The objective of the current study is to compare the molecular profiles of clinically actionable genetic alterations in early and late non-small cell lung cancer in our cohort.

2. Methods

2.1. Study Design and Setting

A propensity matched cohort study was conducted at the BC Cancer (Vancouver Cancer Centre or VCC) and the Vancouver General Hospital (VGH) Division of Thoracic Surgery. Tumor molecular data derived during the time period August 2019 to August 2021. This study, #H18-03295-A009, was approved by the BC Cancer Institutional research ethics board.

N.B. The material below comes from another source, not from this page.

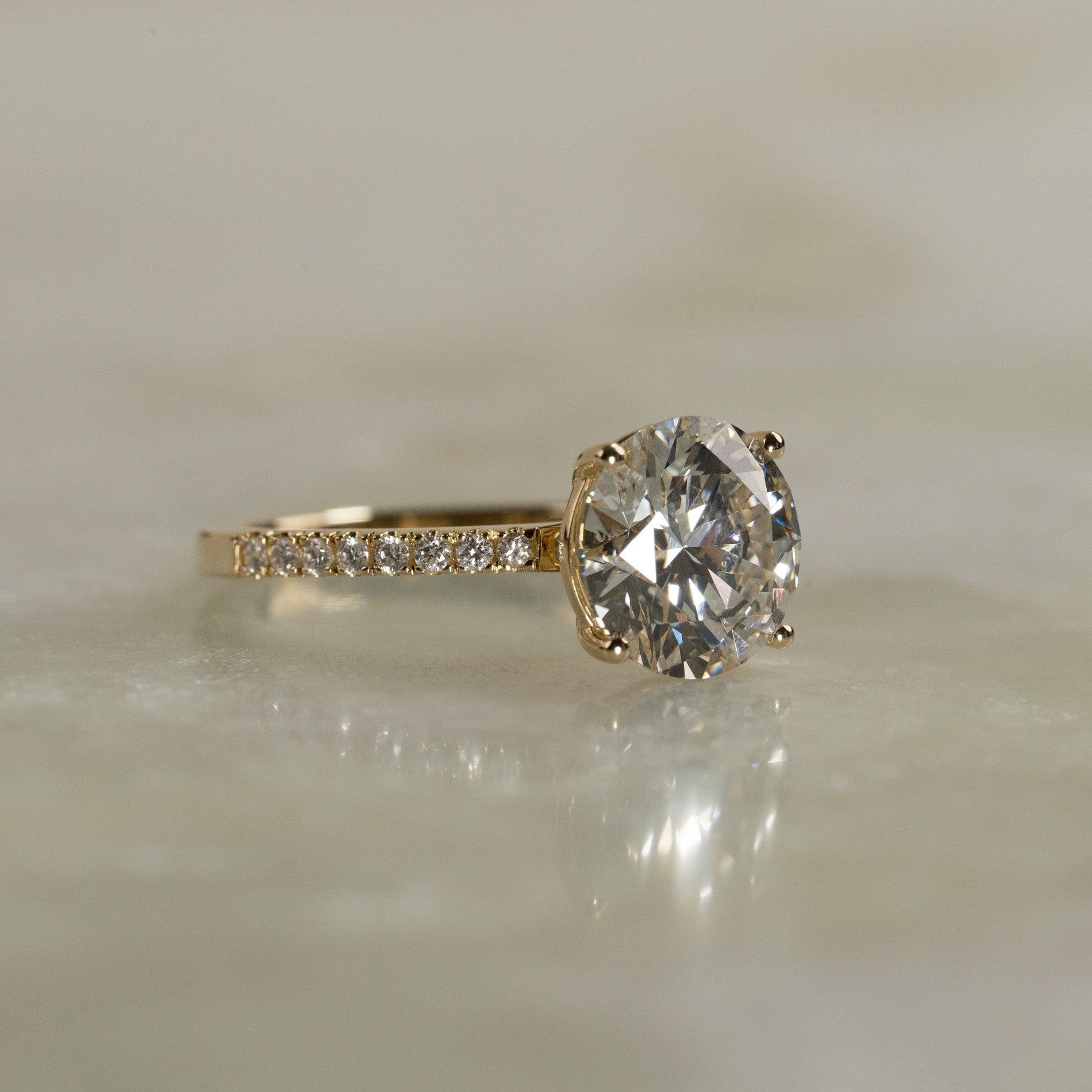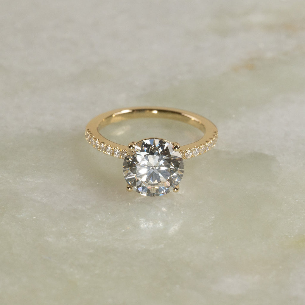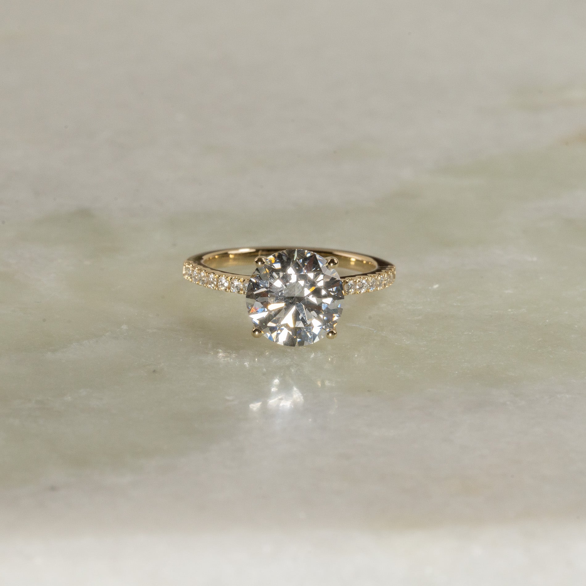 Ringen er laget i 14 karat gull og har et elegant og tidløst uttrykk. Den slanke ringskinnen er utformet som en alliansering, der små lab-grown diamanter omkranser fingeren. I sentrum sitter en vakker 3,0 ct., lab-grown diamant, som virkelig setter prikken over i-en. Til sammen har diamantene en vekt på 3,1 ct. med fargen River og klarhet på VVS1.

2.2. Participants and Data Sources

Prospectively collected molecular, demographic, and smoking status variables for consecutive cases of early and late-stage NSCLC were retrospectively analyzed. The early-stage NSCLC dataset was derived from that collected as part of a separate pilot study database assessing the use of targeted cancer gene panels in early-stage NSCLC patients. Early-stage NSCLC patients were eligible for targeted molecular testing as part of this study following surgical resection for early stage I/II NSCLC (American Joint Commission on Cancer [AJCC] Staging 8th edition) [4] if their tumor was ≥10 mm in maximal diameter and solid in morphology on preoperative CT chest. The early-stage NSCLC patient group additionally underwent standard of case physiologic assessment including detailed pulmonary function testing and clinical staging with fluorodeoxyglucose positron emission tomography (FDG-PET) scan [15]. A selective approach to preoperative invasive mediastinal staging was undertaken. The late-stage NSCLC variables were derived from the Cancer Genetics & Genomics Laboratory (CGL) testing database of patients who presented to BC Cancer for management on unresectable late-stage NSCLC.

2.3. Primary Outcomes

The primary outcomes of interest were frequency of clinically actionable lung tumor genetic alterations in the early and late-stage cohorts. Potential confounding variables of interest identified from the literature included sex, age, and tobacco smoking status (current, former, never) [15].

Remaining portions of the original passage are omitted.